# YOUR TASK
Exactly as written, print out each entry in the data, with no pictures.

# INFORMATION SHOWN
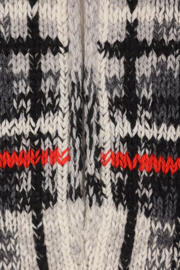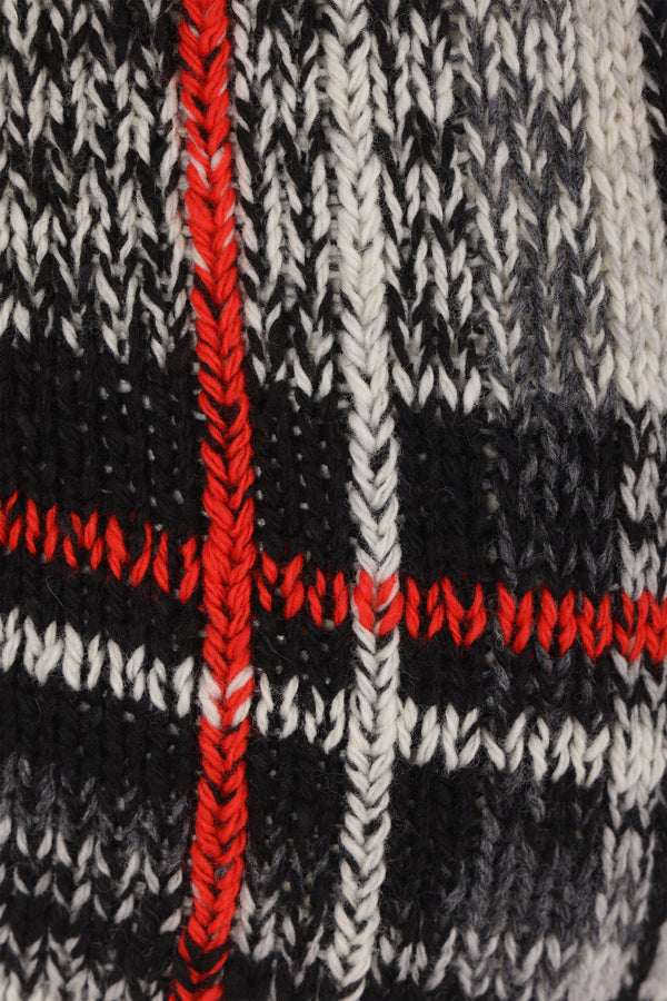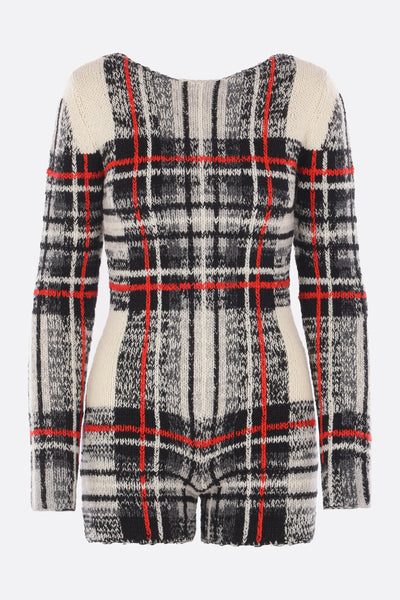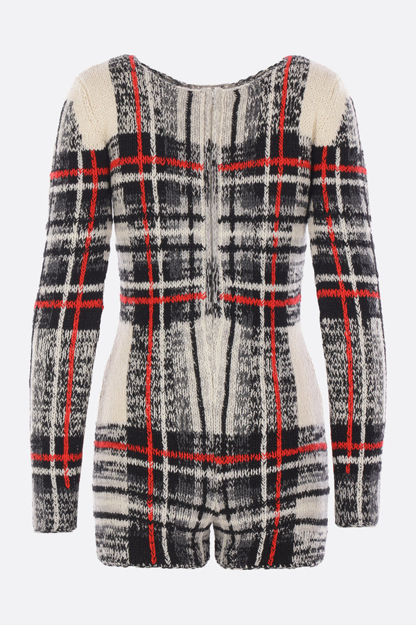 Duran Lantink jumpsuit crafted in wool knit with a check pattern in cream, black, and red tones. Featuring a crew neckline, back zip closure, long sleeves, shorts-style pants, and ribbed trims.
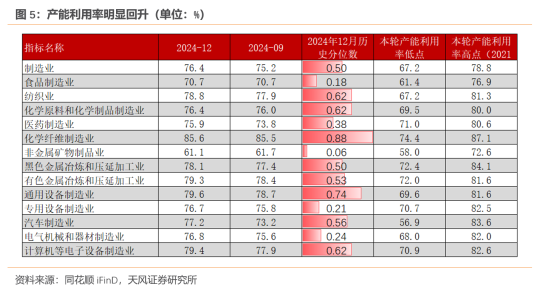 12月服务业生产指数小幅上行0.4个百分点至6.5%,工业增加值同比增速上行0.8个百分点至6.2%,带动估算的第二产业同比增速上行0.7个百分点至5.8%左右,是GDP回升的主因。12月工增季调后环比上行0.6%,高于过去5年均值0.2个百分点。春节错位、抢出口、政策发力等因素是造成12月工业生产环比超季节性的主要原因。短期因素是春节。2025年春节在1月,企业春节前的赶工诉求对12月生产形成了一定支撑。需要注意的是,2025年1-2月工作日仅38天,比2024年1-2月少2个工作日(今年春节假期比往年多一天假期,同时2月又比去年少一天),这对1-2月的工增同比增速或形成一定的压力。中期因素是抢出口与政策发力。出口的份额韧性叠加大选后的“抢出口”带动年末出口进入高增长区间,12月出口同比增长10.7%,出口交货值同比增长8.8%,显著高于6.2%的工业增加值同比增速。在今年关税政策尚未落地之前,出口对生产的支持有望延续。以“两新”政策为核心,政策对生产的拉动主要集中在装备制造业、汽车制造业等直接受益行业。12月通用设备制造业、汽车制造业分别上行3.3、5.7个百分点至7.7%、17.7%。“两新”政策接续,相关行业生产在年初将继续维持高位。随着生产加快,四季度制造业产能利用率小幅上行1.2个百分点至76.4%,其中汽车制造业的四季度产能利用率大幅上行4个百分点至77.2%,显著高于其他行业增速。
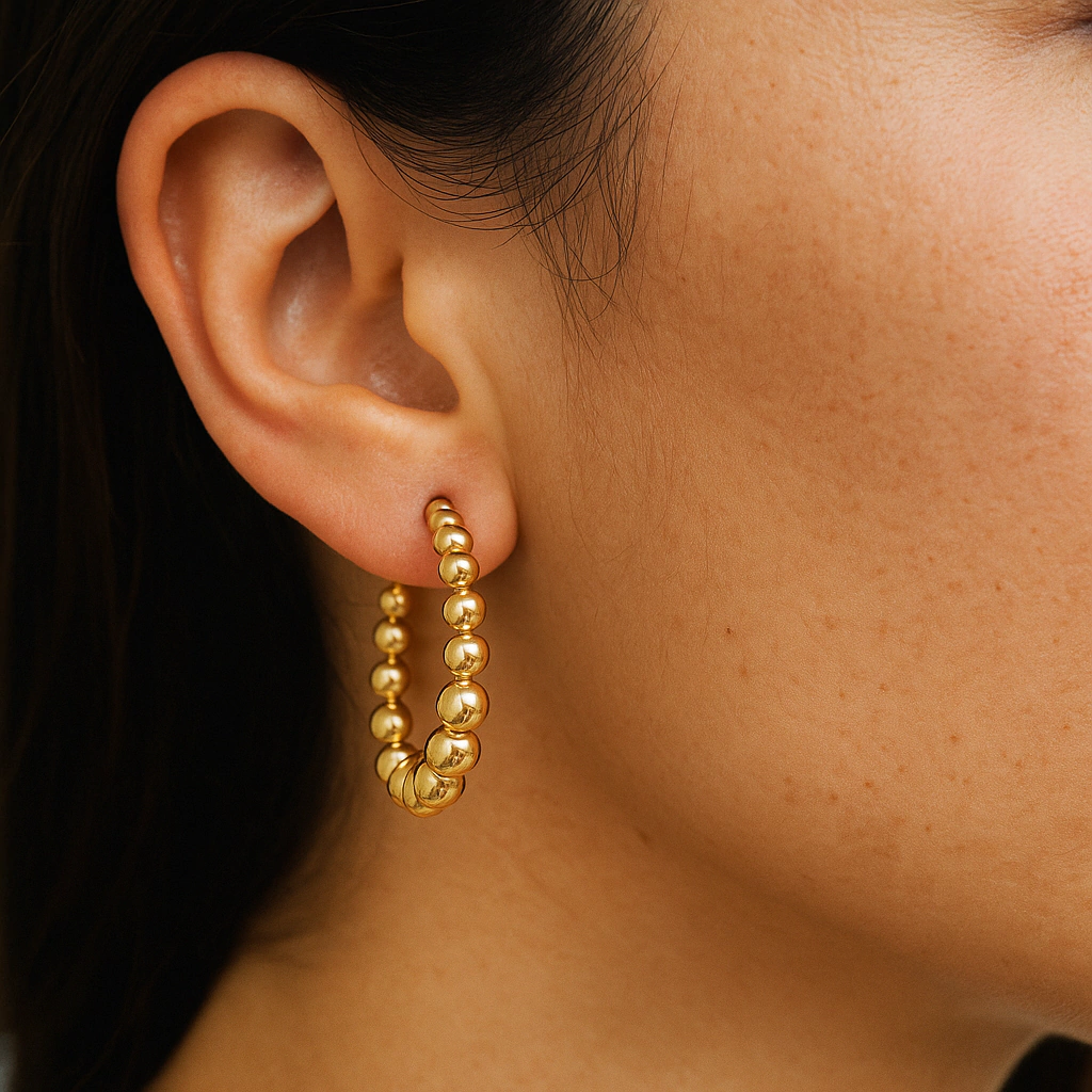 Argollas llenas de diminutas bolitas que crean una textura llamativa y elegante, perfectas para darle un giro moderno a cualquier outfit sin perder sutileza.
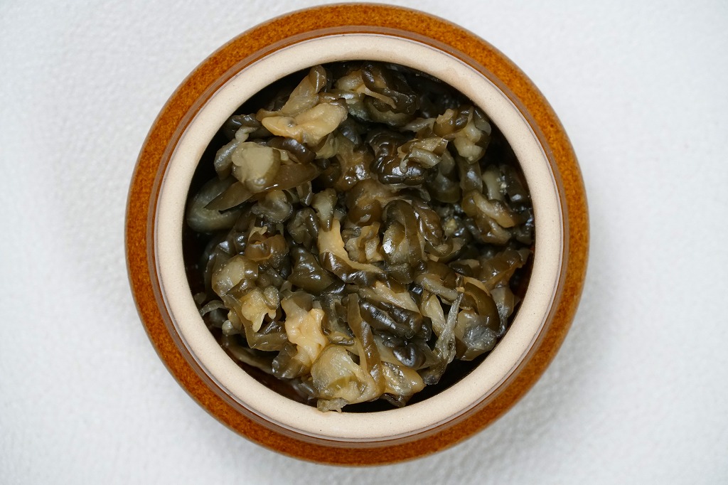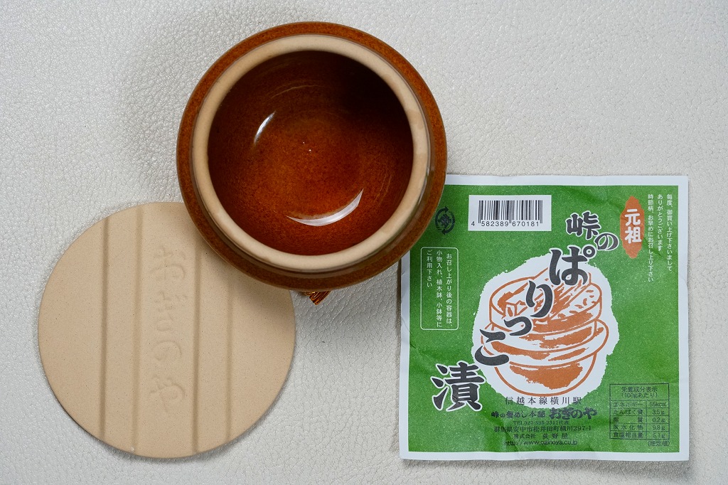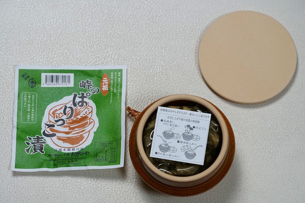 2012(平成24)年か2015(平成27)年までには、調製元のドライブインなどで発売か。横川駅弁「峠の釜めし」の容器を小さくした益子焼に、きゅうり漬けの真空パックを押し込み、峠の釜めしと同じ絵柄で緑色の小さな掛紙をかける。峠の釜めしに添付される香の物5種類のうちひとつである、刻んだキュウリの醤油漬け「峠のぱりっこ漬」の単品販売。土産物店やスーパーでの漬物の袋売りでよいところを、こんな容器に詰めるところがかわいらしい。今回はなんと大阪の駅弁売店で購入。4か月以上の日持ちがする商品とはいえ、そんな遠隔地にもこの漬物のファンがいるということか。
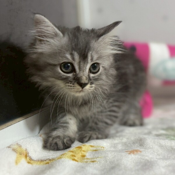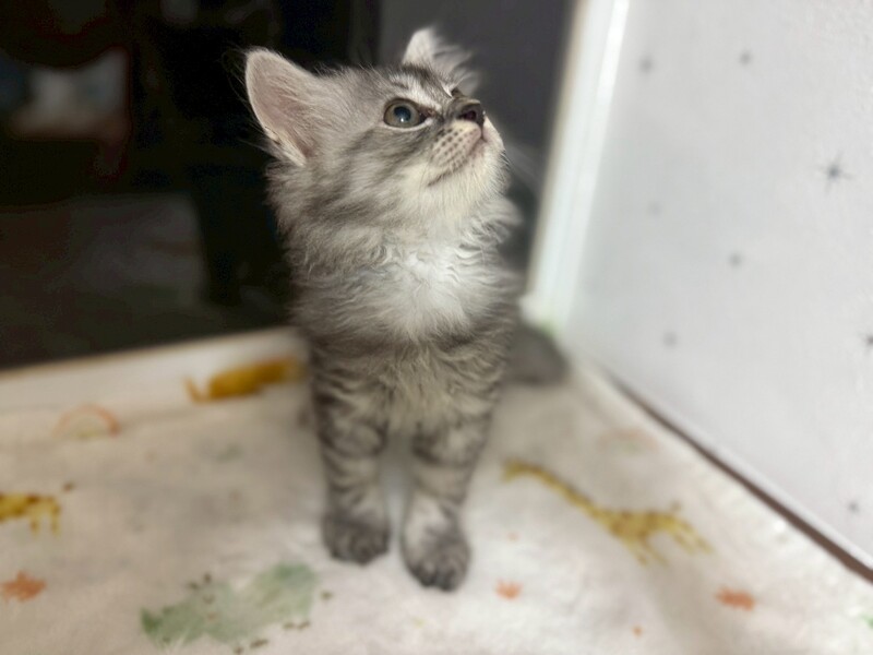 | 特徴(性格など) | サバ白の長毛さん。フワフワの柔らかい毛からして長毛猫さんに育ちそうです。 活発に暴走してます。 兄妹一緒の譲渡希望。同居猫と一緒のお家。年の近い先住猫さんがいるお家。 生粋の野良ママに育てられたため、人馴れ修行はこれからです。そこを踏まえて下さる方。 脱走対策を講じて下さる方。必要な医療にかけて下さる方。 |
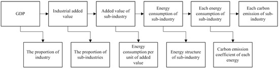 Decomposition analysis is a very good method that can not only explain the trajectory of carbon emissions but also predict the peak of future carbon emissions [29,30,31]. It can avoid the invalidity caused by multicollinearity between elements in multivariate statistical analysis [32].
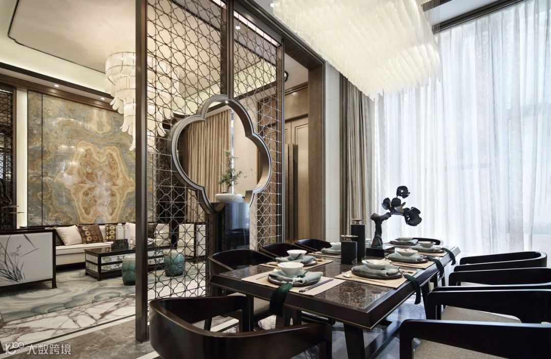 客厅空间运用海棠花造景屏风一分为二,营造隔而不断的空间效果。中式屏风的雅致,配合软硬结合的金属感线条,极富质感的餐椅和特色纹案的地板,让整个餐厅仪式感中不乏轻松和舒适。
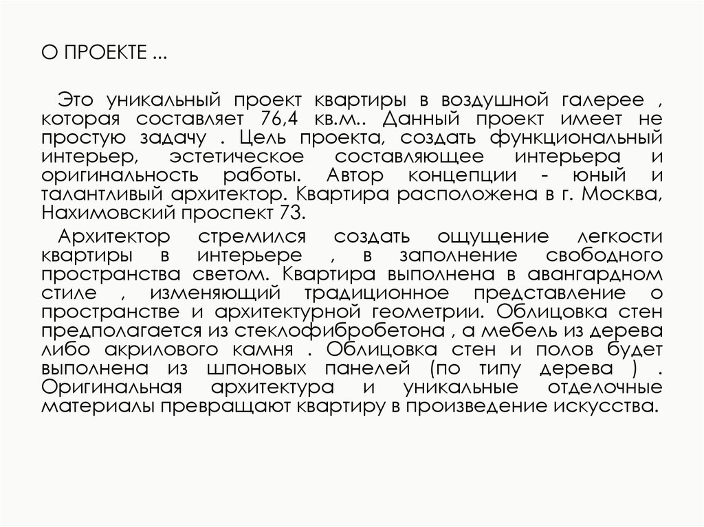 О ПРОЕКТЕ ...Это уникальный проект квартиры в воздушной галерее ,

# RESPONSE TO THIS TASK
 Duran Lantink jumpsuit crafted in wool knit with a check pattern in cream, black, and red tones. Featuring a crew neckline, back zip closure, long sleeves, shorts-style pants, and ribbed trims.
 12月服务业生产指数小幅上行0.4个百分点至6.5%,工业增加值同比增速上行0.8个百分点至6.2%,带动估算的第二产业同比增速上行0.7个百分点至5.8%左右,是GDP回升的主因。12月工增季调后环比上行0.6%,高于过去5年均值0.2个百分点。春节错位、抢出口、政策发力等因素是造成12月工业生产环比超季节性的主要原因。短期因素是春节。2025年春节在1月,企业春节前的赶工诉求对12月生产形成了一定支撑。需要注意的是,2025年1-2月工作日仅38天,比2024年1-2月少2个工作日(今年春节假期比往年多一天假期,同时2月又比去年少一天),这对1-2月的工增同比增速或形成一定的压力。中期因素是抢出口与政策发力。出口的份额韧性叠加大选后的“抢出口”带动年末出口进入高增长区间,12月出口同比增长10.7%,出口交货值同比增长8.8%,显著高于6.2%的工业增加值同比增速。在今年关税政策尚未落地之前,出口对生产的支持有望延续。以“两新”政策为核心,政策对生产的拉动主要集中在装备制造业、汽车制造业等直接受益行业。12月通用设备制造业、汽车制造业分别上行3.3、5.7个百分点至7.7%、17.7%。“两新”政策接续,相关行业生产在年初将继续维持高位。随着生产加快,四季度制造业产能利用率小幅上行1.2个百分点至76.4%,其中汽车制造业的四季度产能利用率大幅上行4个百分点至77.2%,显著高于其他行业增速。
 Argollas llenas de diminutas bolitas que crean una textura llamativa y elegante, perfectas para darle un giro moderno a cualquier outfit sin perder sutileza.
 2012(平成24)年か2015(平成27)年までには、調製元のドライブインなどで発売か。横川駅弁「峠の釜めし」の容器を小さくした益子焼に、きゅうり漬けの真空パックを押し込み、峠の釜めしと同じ絵柄で緑色の小さな掛紙をかける。峠の釜めしに添付される香の物5種類のうちひとつである、刻んだキュウリの醤油漬け「峠のぱりっこ漬」の単品販売。土産物店やスーパーでの漬物の袋売りでよいところを、こんな容器に詰めるところがかわいらしい。今回はなんと大阪の駅弁売店で購入。4か月以上の日持ちがする商品とはいえ、そんな遠隔地にもこの漬物のファンがいるということか。
 | 特徴(性格など) | サバ白の長毛さん。フワフワの柔らかい毛からして長毛猫さんに育ちそうです。 活発に暴走してます。 兄妹一緒の譲渡希望。同居猫と一緒のお家。年の近い先住猫さんがいるお家。 生粋の野良ママに育てられたため、人馴れ修行はこれからです。そこを踏まえて下さる方。 脱走対策を講じて下さる方。必要な医療にかけて下さる方。 |
 Decomposition analysis is a very good method that can not only explain the trajectory of carbon emissions but also predict the peak of future carbon emissions [29,30,31]. It can avoid the invalidity caused by multicollinearity between elements in multivariate statistical analysis [32].
 客厅空间运用海棠花造景屏风一分为二,营造隔而不断的空间效果。中式屏风的雅致,配合软硬结合的金属感线条,极富质感的餐椅和特色纹案的地板,让整个餐厅仪式感中不乏轻松和舒适。
 О ПРОЕКТЕ ...Это уникальный проект квартиры в воздушной галерее ,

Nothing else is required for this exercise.